Corpora for (legal) translators/Textkörper für (juristische) Übersetzer

I did some months ago intend to write something about my experience of using corpora for translation purposes, especially legal translation. (See earlier entry and footnotes by John Kuti there)

At that time, it appeared the free programs I might have recommended had lost their value for me because they had access to fewer corpora.

Then again, one could get fairly similar results with a Google CSE (custom search engine).

I followed a webinar on the topic last year, and it ended with a contribution by Juliette Scott, who is a legal translator who is doing a Ph.D. on the subject. She now has a weblog, called Translation & the Law: from words to deeds, which is certainly a good place to find out more.

There was also a blog post by Kevin Lossner in Translation Tribulations, entitled A NIFTY method for legal terminology (I thought NIFTY was a play on NIMBY, but I found out it is the name Juliette Scott gives her method) – Here you will find the links to use if you want to help in Juliette’s research/find out more.

From a real-life seminar in London a couple of years ago I also have a most wonderful and useful book on the subject of corpora; Working with Specialized Language: A practical guide to using corpora” by Lynne Bowker and Jennifer Pearson (dated 2002 but still useful in 2012: you can look inside at amazon)

The basic approach to making a corpus of legal texts is to collect them on the internet or from other sources and convert them all into a format readable by the corpus program. This takes a bit of time. It also raises copyright problems unless you just use it for your own purposes. This was the problem with the free software BootCat, which had lost the right to use certain sources from the Web. The free software AntConc is for a later stage of the process.
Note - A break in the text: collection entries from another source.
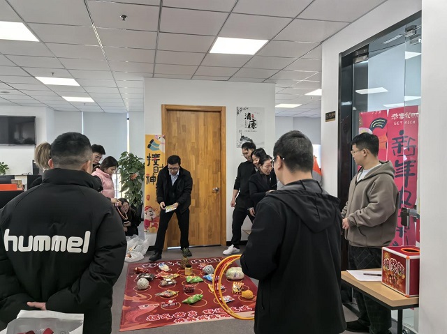 紧随其后的套圈游戏,更是将现场气氛推向新的高潮。五彩斑斓的套圈整齐排列,零食、玩偶、日用品等琳琅满目的小礼品错落摆放,瞬间点燃了员工们的参与热情。大家手持套圈,或屏气凝神瞄准目标,或轻松投掷享受过程,套中者高举礼品欢呼雀跃,未中者相互鼓劲再接再厉。一次次投掷、一声声欢笑,让节日的喜悦在指尖传递,团队的凝聚力也在互动协作中持续升温。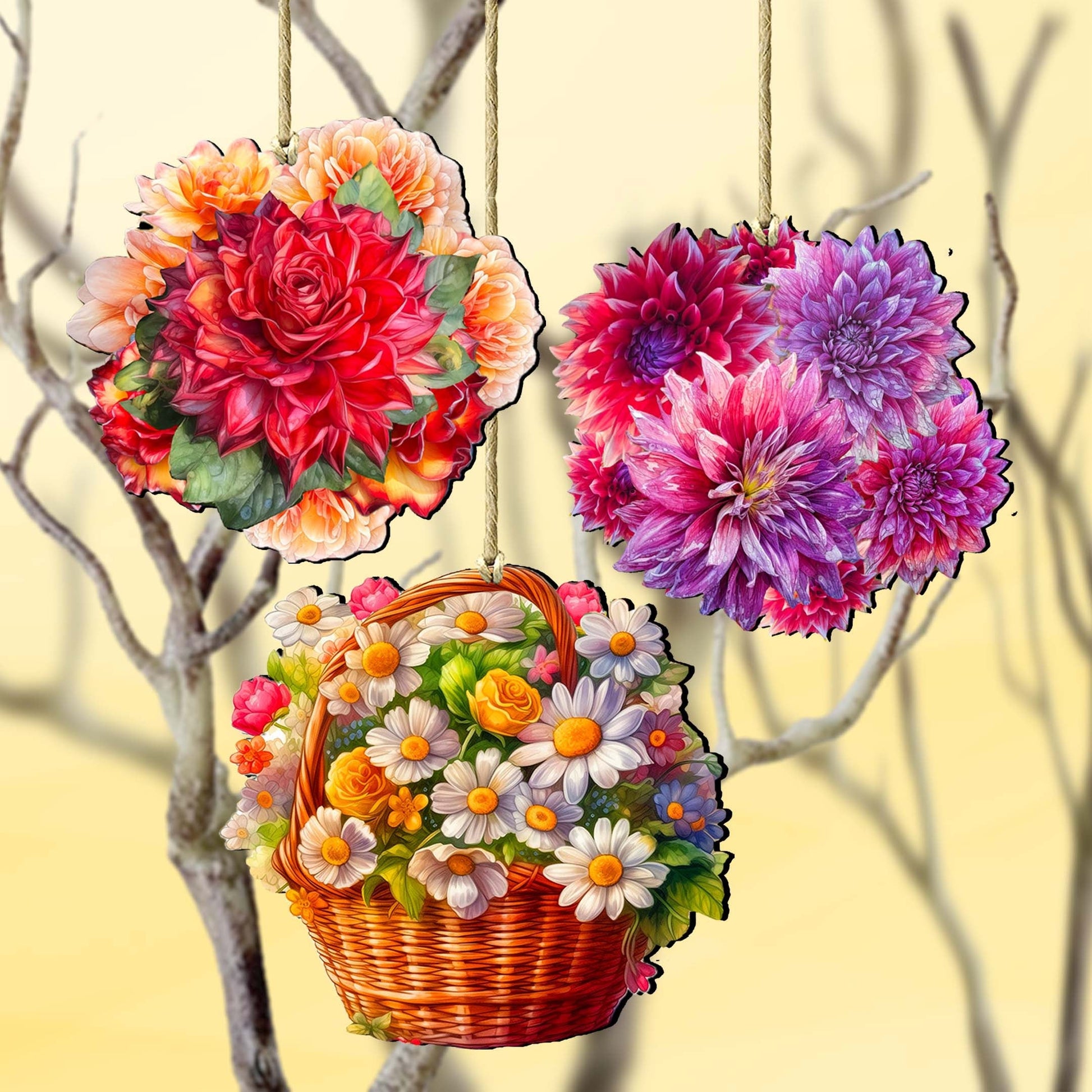Flower Bouquets Decorative Wooden Ornaments Set of 3 by G. Debrekht - Love Family Decor - 8091076-2-S3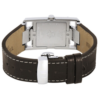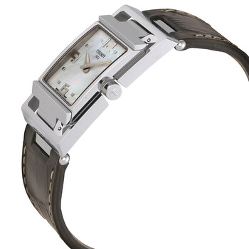 Stainless steel case with a black leather strap. Fixed stainless steel bezel. Mother of pearl dial with silver-tone hands and dot hour markers. Arabic numerals mark the 3, 6, 9, and 12 o'clock position. Dial Type: Analog. ETA caliber 901.005 quartz movement. Scratch resistant sapphire crystal. Pull / push crown. Solid case back. Rectangle case shape. Case dimensions: 41 mm x 25 mm. Case thickness: 6.3 mm. Band width: 18 mm. Deployment clasp. Water resistant at 30 meters / 100 feet. Functions: hours, minutes. Dress watch style. Watch label: Swiss Made. Item Variations: T0323091611700. Tissot My T Mother of Pearl Dial Ladies Watch T032.309.16.117.00.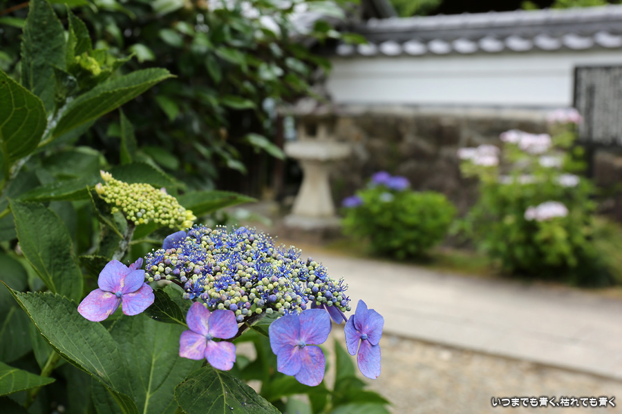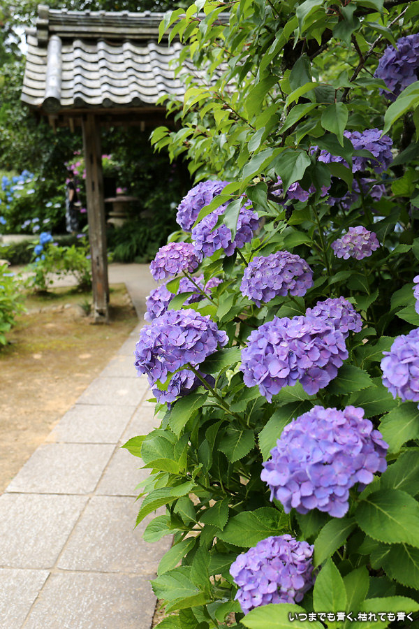 三河のあじさい寺、瑞雲山本光寺の紫陽花を家族で見に来ました。このお寺に紫陽花を見に来たのは今年で5回目(2010年、2011年、2012年、2014年、2016年)ですが、今日は、その5回の中で一番きれいではないかと思えるほど、花の状態が良かったです。すべての花が咲き始めたばかりの美しさで、目立つ傷みも全くありませんでした。そういう見ごろ最良日のせいか、私たちが帰る頃には駐車場に向かう道にクルマの行列ができるほどの人の多さでした。写真を撮る人も多くて、撮ろうとする構図の中からなかなか出てくれないのはお互い様で仕方がありませんが、あじさいの花の前でずっと三脚を置いたままにしていたり、カメラ談義を長々とするのだけはご勘弁といった感じでした。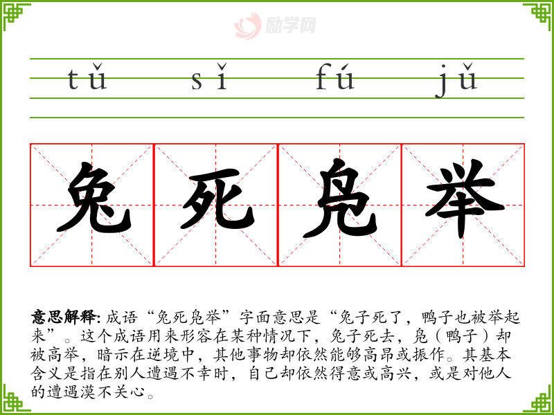 成语“兔死凫举”字面意思是“兔子死了,鸭子也被举起来”。这个成语用来形容在某种情况下,兔子死去,凫(鸭子)却被高举,暗示在逆境中,其他事物却依然能够高昂或振作。其基本含义是指在别人遭遇不幸时,自己却依然得意或高兴,或是对他人的遭遇漠不关心。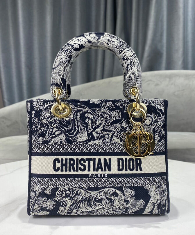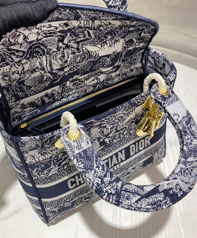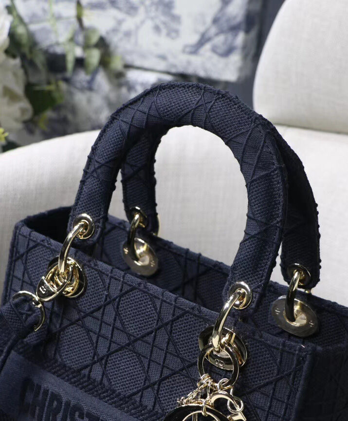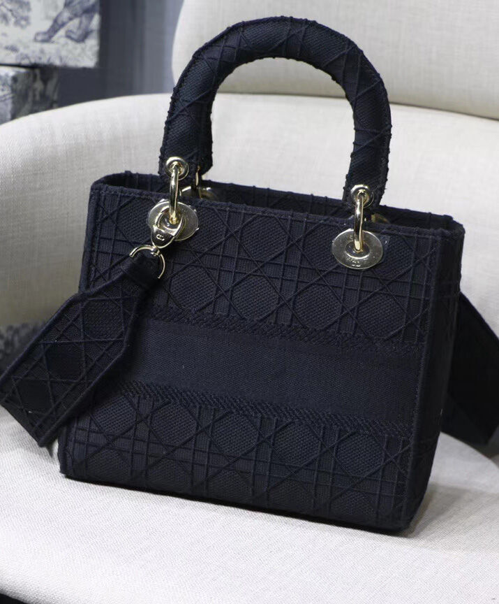 Christian Dior Medium Lady D-Lite Bag Dark Blue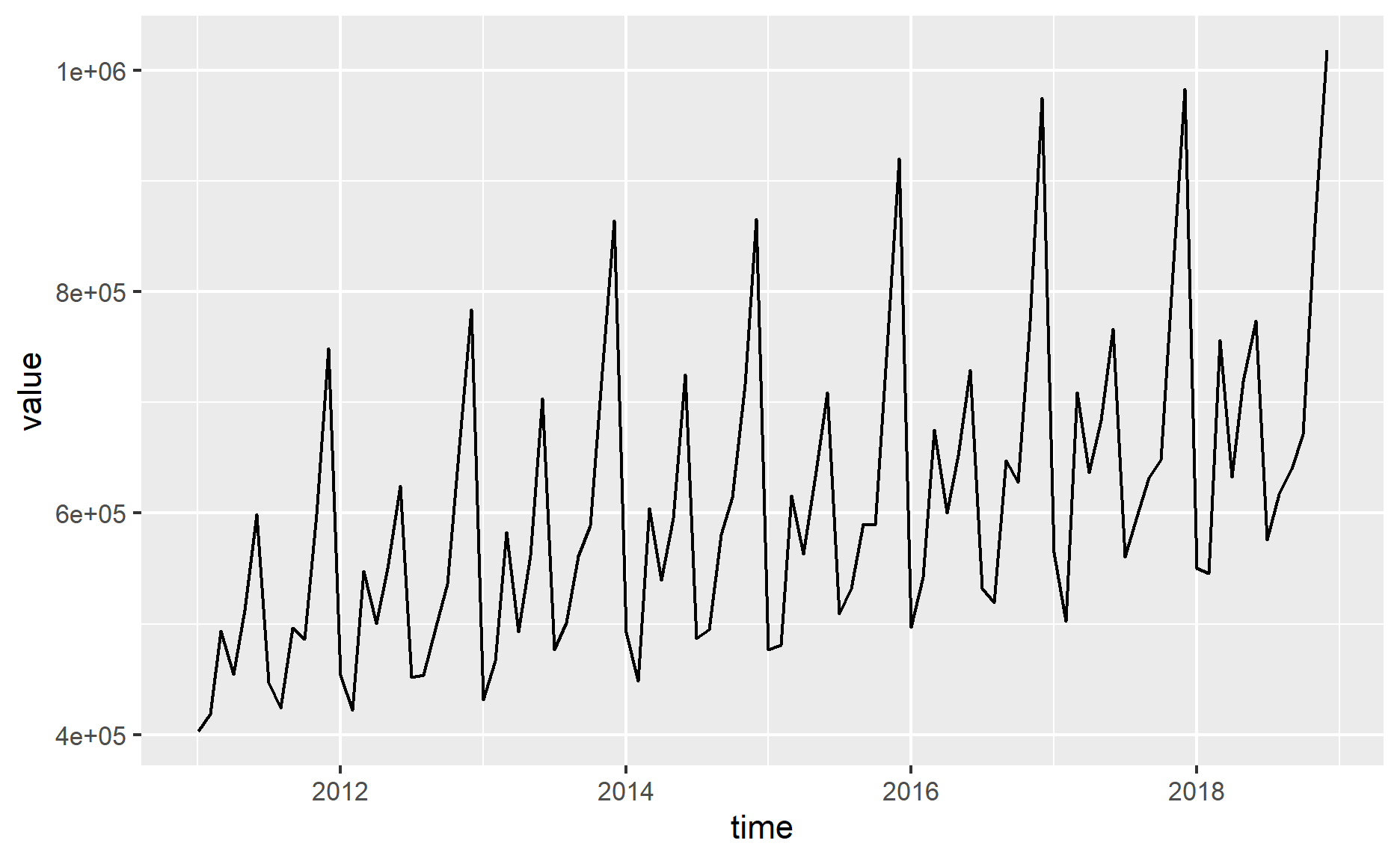 Next, I will visualize the time series by using various ggplot functions.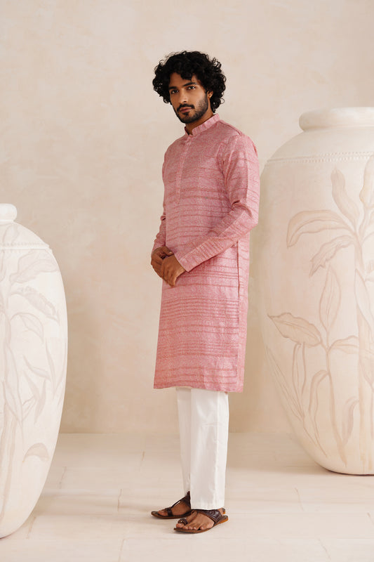 Pink Jaipuri Tussar Ghicha Silk Kurta Set
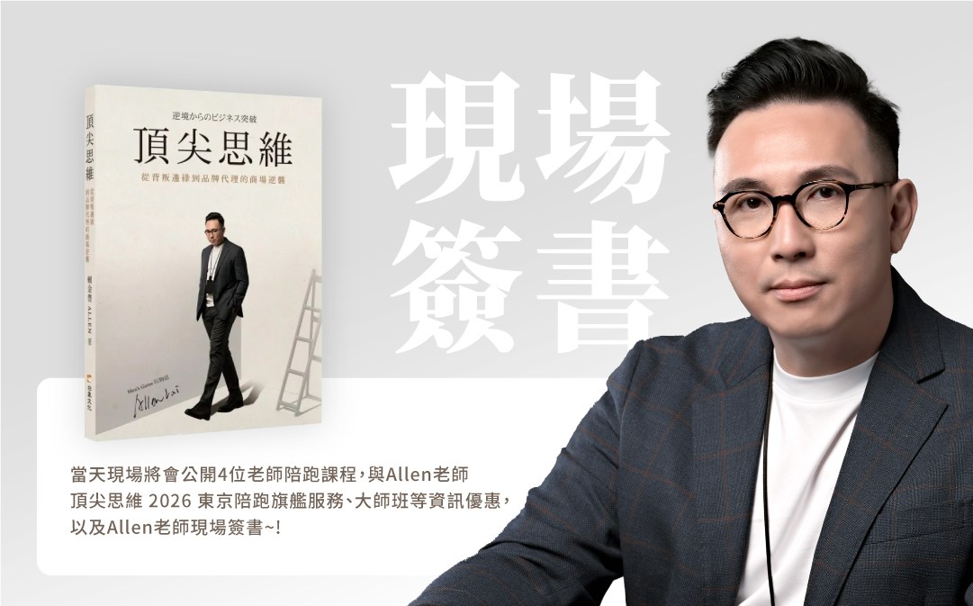 當天將會公開4位業師陪跑課程的專屬優惠,以及Allen老師頂尖思維 2026 東京陪跑旗艦服務、大師班等資訊優惠,還有加碼Allen老師現場簽書~!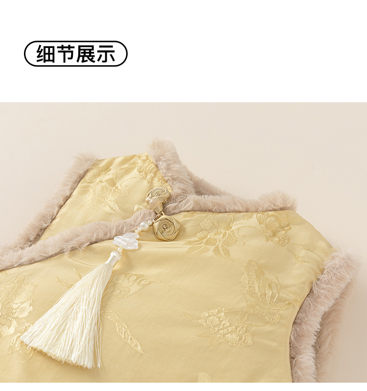 유바오 아동복 겨울 소녀 기모 조끼 겨울 새 어린이 새 중국 국가 스타일 탕 원피스 아기 소녀 조끼

Here’s an article by Michael Wilkinson: Compiling Corpora for Use as Translation Resources

I did have some rapid success in one field of legal English late last year. I sometimes translate lawyers’ websites and also extracts from directories in which law firms are described in glowing terms. Here’s an example from a firm I have nothing to do with:

CMS Hasche Sigle
Aufbruch in eine neue Zeit – und zwar mit Schwung. Unter dieses Motto könnte man das vergangene Jahr bei CMS stellen. Schon lange gehört die Kanzlei in Hamburg zu den führenden Adressen, jedoch monierten Wettbewerber, CMS sei zu breit aufgestellt, um im Markt wirklich hervorzustechen.
Diese Zeiten gehen zu Ende: V.a. die M&A-Praxis hat zuletzt einen deutlichen Schub erhalten und sorgte für Schlagzeilen, als ein Hamburger Team zusammen mit dem internationalen CMS-Verbund Takeda bei dem €10 Mrd schweren Erwerb von Nycomed beriet. Dies spiegelte sich auch im Markt wider, die Gruppe erntete in diesem Jahr spürbar mehr Lob. Gemeinsam mit Dr. Marc Riede betreute er zudem die HSH bei der Restrukturierung von Hapag-Lloyd.

It’s quite easy to collect this kind of thing in English from UK, USA and other sites and to search it for useful expressions. I might find more ideas for words like betreuen.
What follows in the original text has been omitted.